There are other differences here too, I think. The water heater trick is passive manipulation that stays in place at all times, which limits how far from "real" performance it can get. And per the story, it seems more like "teaching to the test" than "cheating". That is, Volkswagen consciously moved away from the mandate outside of testing. The water heater was (potentially) as energy-efficient as they could design, with the test score manipulated on top of that.

None of that makes it harmless - if "as good as you can make" doesn't hit standards without manipulating them, that's still a problem. But I do find it less galling than "intentionally worsens emissions outside the test bench".


The flip side of the water heater test is, you could game the test the other way too. Making your water heater look worse than it is. Would you do that? No.

The difference between the water heater and VW is the water heater manufacturer is providing a representative sample. And VW was not. It'd also be dubious to say that the water heater company is acting in bad faith. Where VW's bad faith rose to the level of criminal. On the other hand Volvo appears to be acting in strictly good faith.

Bad faith for a crash test would be crafting a silver plate model for testing. Reminds me that's what my uncle said the power supply manufacturer he worked for did.


The difference is that the water heater test itself was flawed in that it depended on arbitrary design decisions that have nothing to do with efficiency.
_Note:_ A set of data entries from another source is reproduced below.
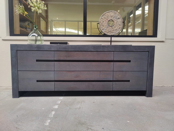 Een handgemaakte massieve grijze dressoir van hout met woonbeton met lades. Deze is ontworpen door onze designers en gemaakt door onze vakmannen in eigen fabriek!
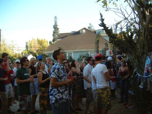 This is the party. There were many heads in the house. There were also DJs and dancing. It took place in the backyard.
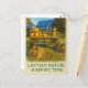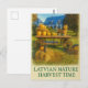 Celebrate the abundance and warmth of autumn with this charming watercolor-style postcard. Featuring a rustic cart loaded with golden pumpkins and colorful gourds, set against a backdrop of a Latvian countryside estate, this image captures the peaceful spirit of the harvest season. Perfect for sending seasonal greetings, sharing rural beauty, or simply enjoying the nostalgic feel of country life.

Two completely innocent manufacturers could build water heaters with the exact same real-world efficiency, but score fairly differently on the efficiency ratings just due to how they're designed.

While I agree that this particular water heater manufacturer was doing something shady in order to get the best score, at least they weren't selling a product that did something differently while under test conditions vs. in real-world usage. They merely realized that the test itself had wide error bars, and designed their heater to "err" in the positive side of those.

VW, in contrast, sold a product that lied to the testers about its emissions in order to pass certifications, while in real-world driving would behave in a way that would not pass muster.

And to me I think that's the key: VW's cars intentionally behaved differently depending on if they were being tested or if they were being driven in normal real-world usage. This water heater behaved the same regardless of whether it was being tested or was heating water in someone's home.

In a way I think of this in academic terms. The water heater manufacturer studied the SAT to learn what kind of questions were going to be asked. VW stole the answer key to the test and memorized it.


One is polluting at the tailpipe, the other is only polluting at a power plant.